Horton has a sharp section on justification and imputation. Justification, on Horton's gloss, is not a legal fiction because Christ is the covenant-head, and if the justified are "in Christ," then they possess his covenant status (105). Horton shows that a lot of Wright's arguments on covenant and salvation, while sometimes shedding helpful light on the issues, really don't make sense outside Palestine. When the Philippian jailer asks what he must do to be saved, is he really talking about the end of national Israel's exile? If works of the law mean ethnic markers, then why is Paul accused of antinomianism?

The second part of the book deals with different ontologies. Contrary to the Radical Orthodoxy group, Horton posits a "Covenantal Ontology" which is focused on "meeting a stranger" rather than "overcoming estrangement." The latter is an application of almost all descendants of Platonic ontologies of anti-bodiement. 

Covenantal Ontology: The pactum salutis is the intra-Trinitarian covenant made in eternity. It is realized in the biblical covenants. See also pp. 182-186. Horton notes that Radical Orthodoxy, Eastern Orthodoxy, and Roman Catholicism presuppose something along the following lines: overcoming estrangement. By this he means a paradigm that promises enlightenment and a liberation of nature beyond itself (155).

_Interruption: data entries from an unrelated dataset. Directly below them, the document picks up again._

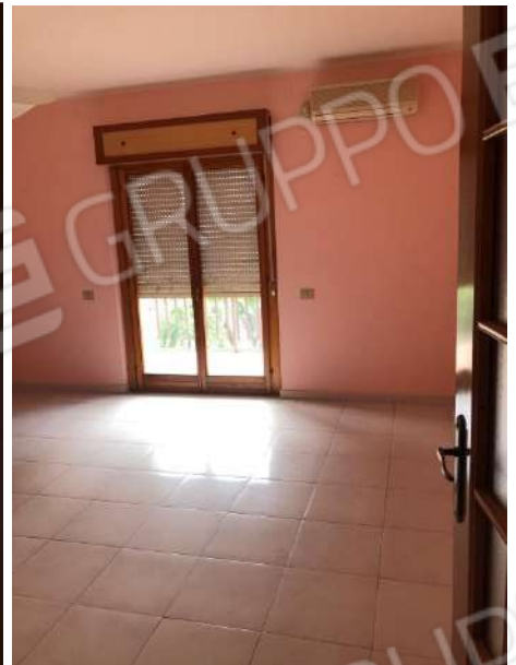
Vista interna dei vani: soggiorno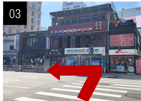
横断歩道を渡った後、左折します。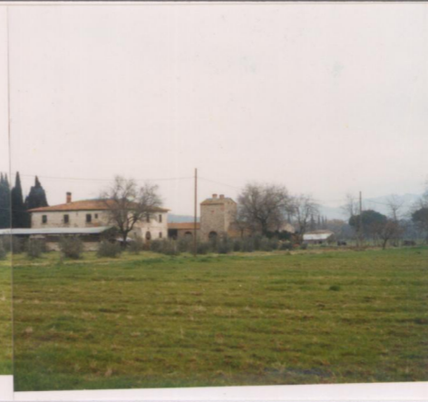
p.v. N. ....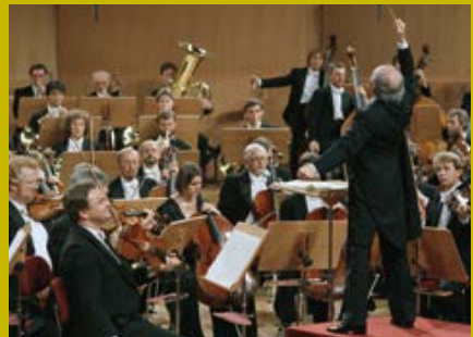
Das Kölner Rundfunk-Sinfonie-Orchester 1986, im Eröffnungsjahr der Kölner Philharmonie, unter seinem damaligen Chefdirigenten Gary Bertini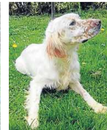
Nombre: Tak Raza: Setter Sexo: Macho Edad: 3 años Características: Sociable pero necesita actividad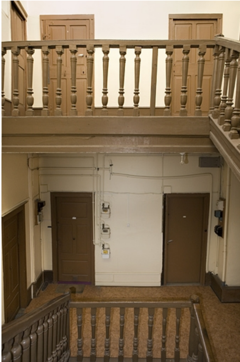
Détail de la rampe de l'escalier.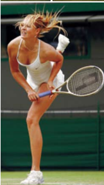
La nova nina russa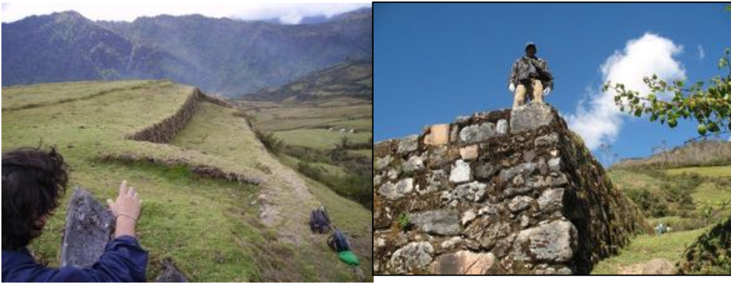
Aucaypata, o “plaza de la alegría”, en Pampaconas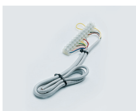
Morsetti per cablaggio lampeggiante e antenna posizionata sempre in alto a dx vista interna. (optional)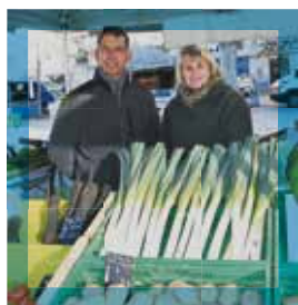
Représentant des commerçants du marché Plan Cabanes

« Nous sommes, avec mon épouse, depuis plus de 40 ans sur le marché Plan Cabanes. Un marché, c'est les yeux et les oreilles de la ville. Actuellement, l'accessibilité est un point noir. Mais la piétonnisation est une bonne chose. La récupération de l'accès au parking souterrain est positive. Notre visibilité s'est accrue avec la ligne 3 de tramway, bien passante, qui amène du monde. Les gens nous connaissent. Ils viennent depuis Clapiers, Saint-Jean-de-Védas, Fabrègues... Nous sommes une dizaine de commerçants, 6 jours sur 7. On fait de la qualité, du local, de l'agriculture raisonnée, et on essaie de maintenir des prix pas trop élevés. »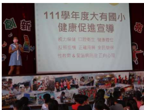
說明：視力保健始業式宣導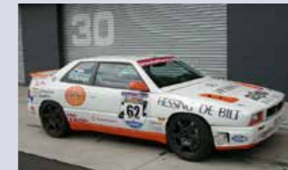
Ghibli Open Cup Evo från 1996. Evolutionen i förhållande till 1995 bestod bland annat av större bromsar och fälgar samt förbättrad aerodynamik.

Ghibli Open Cup - bilar tillverkade enkom för bankörning, togs fram för en enhetsserie som kördes på europeiska banor under 1995 och 1996. Bilarna är i grunden Ghibli GT 2,0-bilar, rensade på inredning, men har en del special-utrustning såsom kraftigare bromsar och en modifierad framvagn. Inför 1996-säsongen fick bilarna dessutom ytterligare uppgraderingar.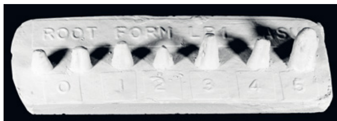
Slika 5. Pločica korijenski oblik, donji prvi pretkutnjak.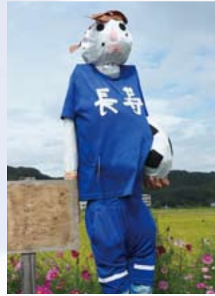
3 いばら長寿の里(上出部)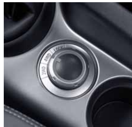
Переключатель режимов работы трансмиссии.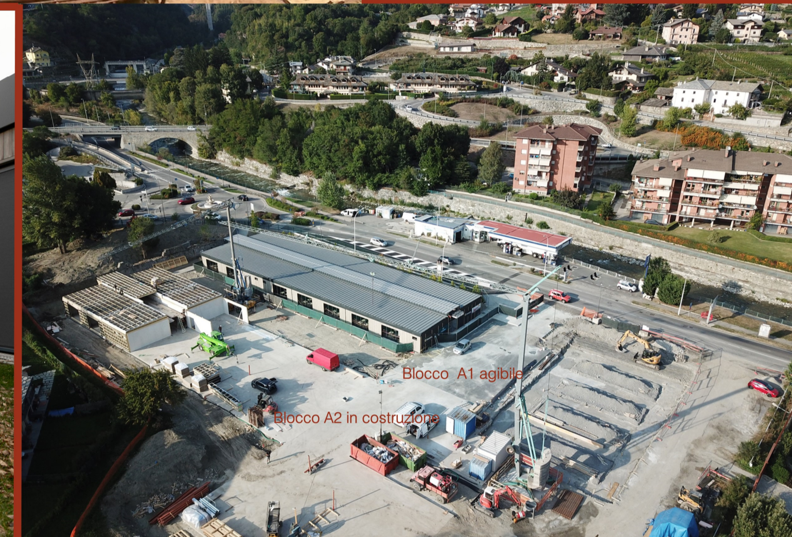
Blocco A1 agibile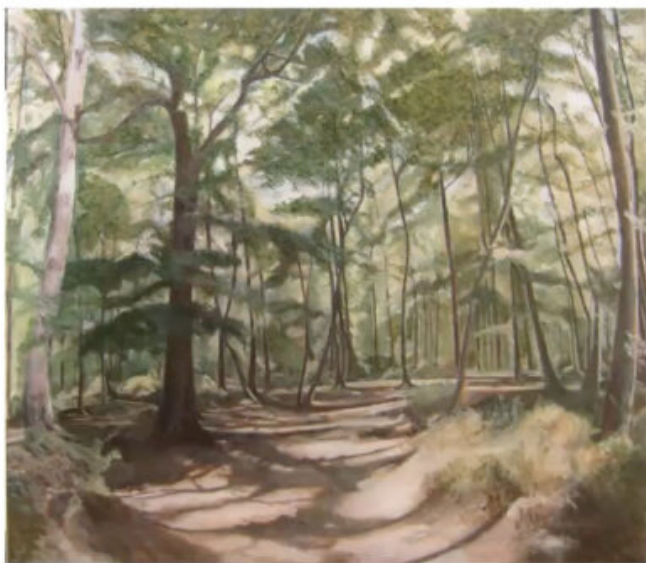
Bosco di cerri 2014 cm 90x100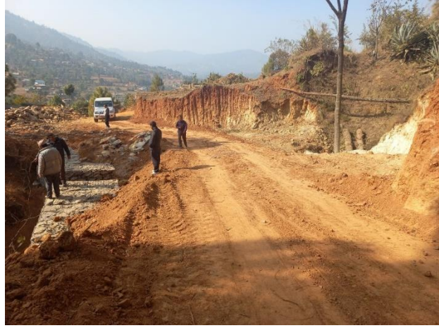
जनक मा.वि. चुवाने सडक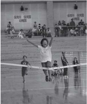
小中学生の記録会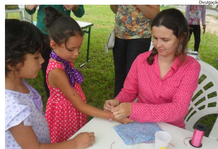
Crianças participando da atividade de recreação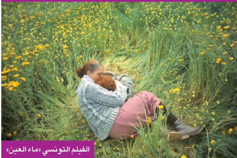
الفيلم التونسي «ماء العين»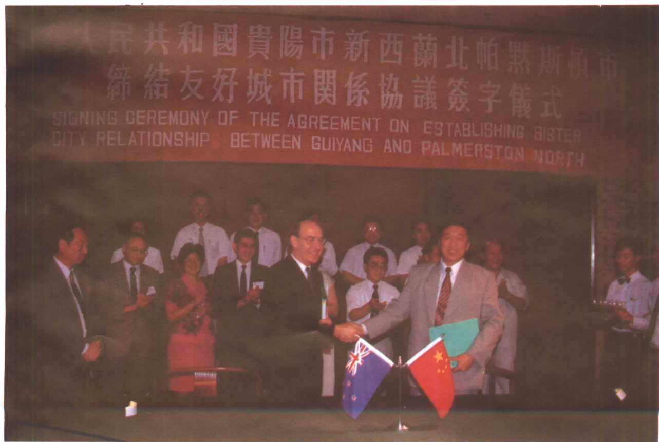
8月17日,贵阳市与新西兰北帕默斯顿市缔结友好城市关系协议签字仪式在贵阳举行。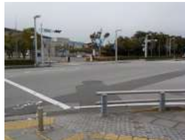
出入口②の状況 4車線分の道路幅がある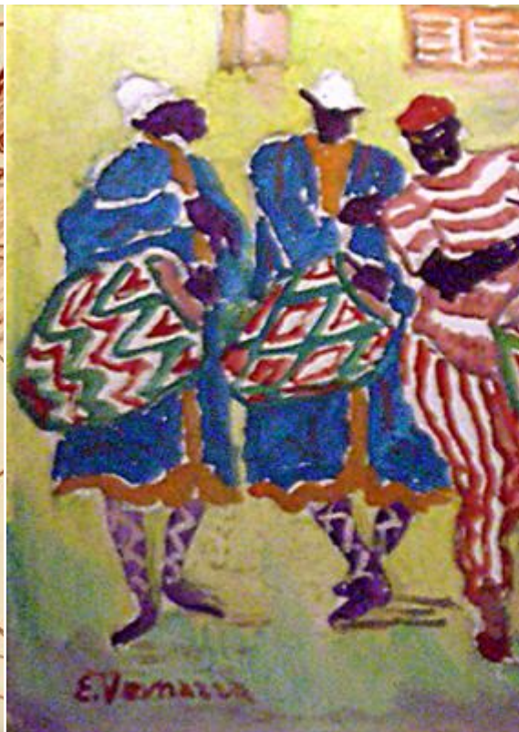
Eduardo Vernazza : « Candombe », óleo sobre tela, 40x60, s.d.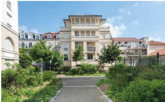
Carré Renaissance - Noisy-le-Grand Architecte : Cabinet Lionel de Segonzac et Cabinet Le Meur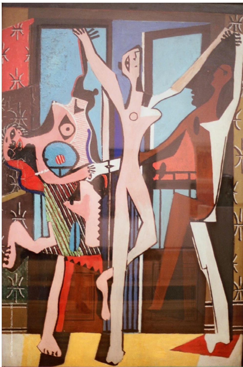
«Les Trois Danseuses» - Pablo Picasso (1925)

A primeira dança é bastante enérgica e lembra em alguns momentos a música do bailado Romeu e Julieta de Prokofiev. Contém também reminiscências de um projeto inacabado do próprio Rachmaninov, o bailado Os Citas , ainda do período em que vivia na Rússia. Já a segunda dança tem como subtítulo «Tempo di valse», muito embora se perceba desde início – pelos acordes contundentes e pelos motivos melódicos serpeantes – que não corresponde à frivolidade dos salões oitocentistas. Por fim, a última dança afasta-se da melancolia e de alguma tristeza para anunciar uma transfiguração anímica, porventura espiritual. É curioso assinalar que a dada altura se distingue claramente a melodia de «Dies irae», o famoso hino que integra a liturgia católica dedicada aos mortos, o Requiem . No manuscrito autógrafo, o compositor escreveu por cima a palavra «Aleluia», porventura clamando redenção.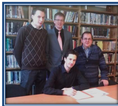
Achter de tekentafel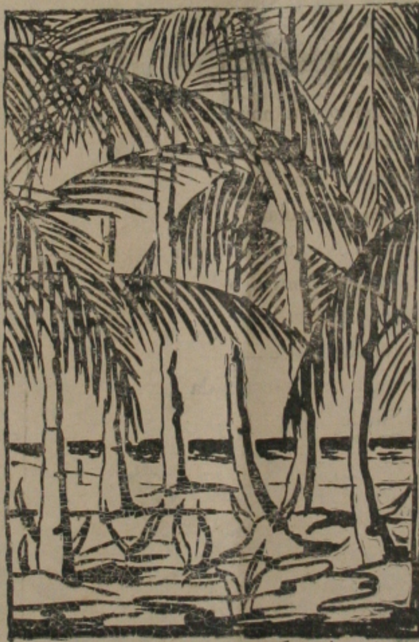
Flora / 2017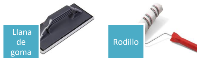
Llana de goma

Herramientas de aplicación Rayston Epoxy 100: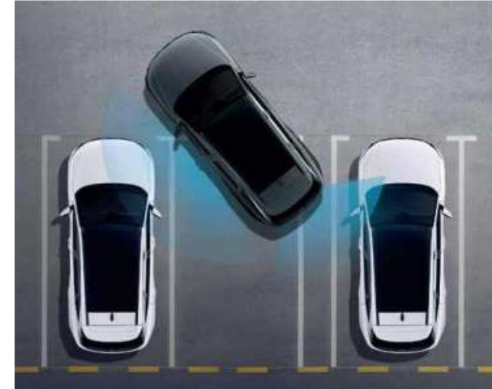
Forward/Side/Reverse Parking Distance Warning (PDW) Forward/Side/Reverse Parking Distance Warning (PDW) warns against collisions with objects around the vehicle at low speeds.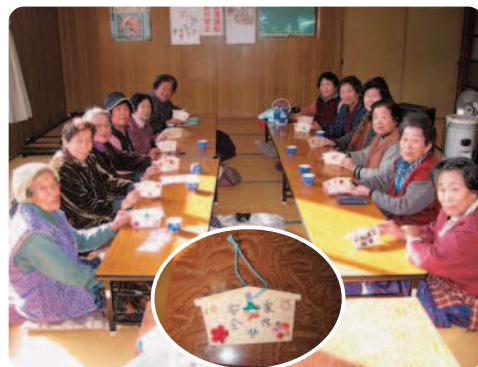
1月8日(木) 打上区公民館にて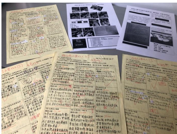
▲ 閱讀課程與寫作：學生閱讀後的手寫心得分享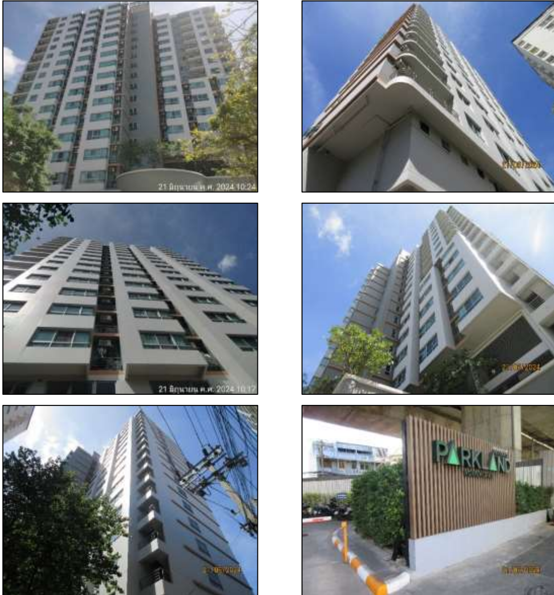
รูปที่ 1-2 สภาพปัจจุบันของโครงการ

ปัจจุบันโครงการอยู่ในช่วงเปิดดำเนินการ โดยโครงการได้รับใบอนุญาตก่อสร้างอาคาร ตัดแปลงอาคาร หรือรื้อถอนอาคาร (แบบ อ.1) ดังแสดงในภาคผนวก ก-4 และแสดงในรูปที่ 1-2

EXCURSUS: A RESULT OF A PLATONIC SWALLOWING-UP?
Several times throughout this book Horton advances a critique of Platonic Divine Simplicity, but never calls it such. He has a section on John Milbank and offers a full-orbed convincing critique of Milbank. As readers of Milbank know, he is strongly committed to the neo-Platonic doctrine of absolute divine simplicity and overcoming ontological estrangement. To put the matter briefly, such a view of simplicity negates or mutes distinctions. Horton then goes on to say, "As speculative metaphysics (specifically ontological participation) swallows up the horizon, Christology is swallowed by ecclesiology, and redemptive mediation has to do with overcoming metaphysical binaries (finite/infinite, material/spiritual,invisible/visible, corporeal/incorporeal, temporal/eternal, and so forth) rather than ethical and eschatological ones (sin/grace, death/life, condemnation/justification...this age/age to come" (165. /END EXCURSUS)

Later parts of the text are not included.